JAX-WS is meant for XML based web services such as SOAP. JAX-RS does not have the same restriction.

JAX-WS is generally geared towards server to server interactions with well defined contracts (WSDLs) and usually when the service and client side are from separate groups. It is very resource intensive so it isn't feasible for client-to-server interactions where the network or client device capability is less than optimal.

JAX-RS is geared towards client to server interactions, although server-to-server is okay. As it has little service obligations, it can be tuned to whatever the client needs are.

More info

The JAX-RS API only provides code-first approaches, whereas JAX-WS allows for both code-first (generally not recommended) and contract-first using WSDL files (more commonly recommended).

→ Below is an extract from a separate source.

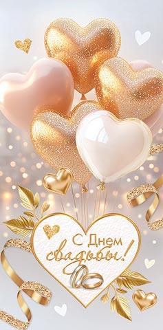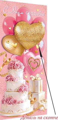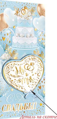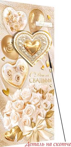 | Открытка СВАДЬБА для денег (МИР ОТКРЫТОК) 4-17-287А С Днем Свадьбы (без текста) (Деталь на скотче) (тиснение золотой фольгой) (п/упаковка)
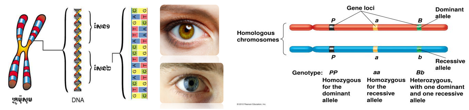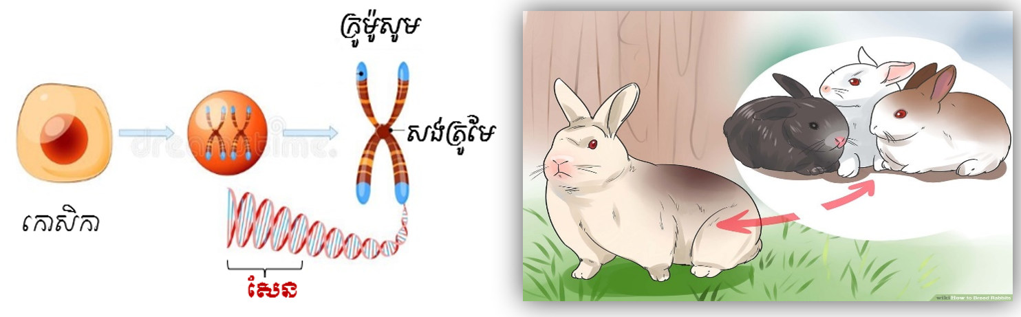លក្ខណៈនីមួយៗកំណត់ដោយកត្តាតំណពូជ។ នៅក្នុងកោសិកានីមួយៗនៃសារពាង្គកាយ ចំពោះលក្ខណៈមួយមានកត្តាតំណពូជពីរ។ តើសែន (Gene) ជាអ្វី ? សែន (Gene) ជាអង្កត់មួយរបស់ DNA ដែលផ្ទុកព័ត៌មានសេនេទិចសម្រាប់កំណត់លក្ខណៈមួយ។ ឧទាហរណ៍ លក្ខណៈសម្បុរខ្មៅ សម្បុរស សក់រួញ សក់ត្រង់ ភ្នែកធំ ភ្នែកតូច...។

JAX-RS 2.0 introduces the client API which is a smart wrapper for HttpUrlConnection that has a lot more mapping capability, JAX-WS is also a wrapper, but the data it deals with in the reference implementations is just XML.

JAX-RS has the advantage of creating APIs that are simpler to create and digest messages for in different browsers and mobile devices, namely JSON structure. It does not introduce the notion of an envelope and uses HTTP for it. It does not introduce cryptography or security, it uses HTTPS for it.

JAX-WS though it runs on HTTPS for cryptography provides additions for security using WS-SecurityPolicy etc. In addition, contracts are firmly established using WSDL and can be verified outside the application using ESBs such as DataPower.

So what to choose

JAX-WS is generally geared towards server to server interactions with well defined contracts (WSDLs) and usually when the service and client side are from separate groups. It is very resource intensive so it isn't feasible for client-to-server interactions where the network or client device capability is less than optimal.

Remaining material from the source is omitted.